- **TASK REQUIREMENTS**
Excluding all pictures, please output the listing exactly.

- **INPUT DATA**
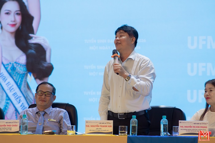 Nội dung trọng tâm của chương trình tập trung vào phiên đối thoại chuyên sâu giữa học sinh lớp 12 Trường Trịnh Hoài Đức và đội ngũ chuyên gia, giảng viên giàu kinh nghiệm của UFM. Không khí buổi trao đổi trở nên đặc biệt sôi nổi khi các em hăng hái đặt ra hàng loạt câu hỏi thực tiễn, xoay quanh đặc thù các nhóm ngành từ Kinh tế chính trị, Marketing, Kế toán, Kiểm toán, Tài chính – Ngân hàng, Kinh doanh quốc tế, Làm thế nào để khởi nghiệp thành công, các chính sách hỗ trợ người học như thế nào? Cơ hội việc làm? .... Mọi thắc mắc mang tính thực tiễn cao đều được Ban tư vấn bóc tách chi tiết và giải đáp thỏa đáng, giúp các em tháo gỡ những băn khoăn về chọn ngành, chọn nghề trong kỷ nguyên số.
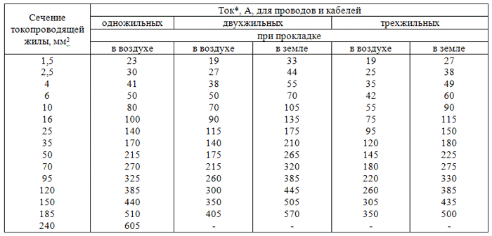Таблица 1.3.4. Допустимый длительный ток для проводов и шнуров с резиновой и поливинилхлоридной изоляцией с медными жилами
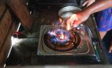 Warga menyalakan api dari kompor menggunakan bahan bakar gas metan dari olahan sampah yang terhubung di rumahnya di area Tempat Pembuangan Sampah Akhir (TPSA) Palangka Raya, Kalimantan Tengah, Kamis (15/9/2022). Dinas Lingkungan Hidup (DLH) Palangka Raya memanfaatkan sampah di TPSA tersebut untuk dijadikan gas metan dengan sistem terpal geomembran yang kemudian dapat digunakan warga untuk kebutuhan rumah tangga secara gratis guna mengurangi penggunaan bahan bakar elpiji. (FOTO : ANTARA/Makna Zaezar)

- **EXPECTED ANSWER**
 Nội dung trọng tâm của chương trình tập trung vào phiên đối thoại chuyên sâu giữa học sinh lớp 12 Trường Trịnh Hoài Đức và đội ngũ chuyên gia, giảng viên giàu kinh nghiệm của UFM. Không khí buổi trao đổi trở nên đặc biệt sôi nổi khi các em hăng hái đặt ra hàng loạt câu hỏi thực tiễn, xoay quanh đặc thù các nhóm ngành từ Kinh tế chính trị, Marketing, Kế toán, Kiểm toán, Tài chính – Ngân hàng, Kinh doanh quốc tế, Làm thế nào để khởi nghiệp thành công, các chính sách hỗ trợ người học như thế nào? Cơ hội việc làm? .... Mọi thắc mắc mang tính thực tiễn cao đều được Ban tư vấn bóc tách chi tiết và giải đáp thỏa đáng, giúp các em tháo gỡ những băn khoăn về chọn ngành, chọn nghề trong kỷ nguyên số.
Таблица 1.3.4. Допустимый длительный ток для проводов и шнуров с резиновой и поливинилхлоридной изоляцией с медными жилами
 Warga menyalakan api dari kompor menggunakan bahan bakar gas metan dari olahan sampah yang terhubung di rumahnya di area Tempat Pembuangan Sampah Akhir (TPSA) Palangka Raya, Kalimantan Tengah, Kamis (15/9/2022). Dinas Lingkungan Hidup (DLH) Palangka Raya memanfaatkan sampah di TPSA tersebut untuk dijadikan gas metan dengan sistem terpal geomembran yang kemudian dapat digunakan warga untuk kebutuhan rumah tangga secara gratis guna mengurangi penggunaan bahan bakar elpiji. (FOTO : ANTARA/Makna Zaezar)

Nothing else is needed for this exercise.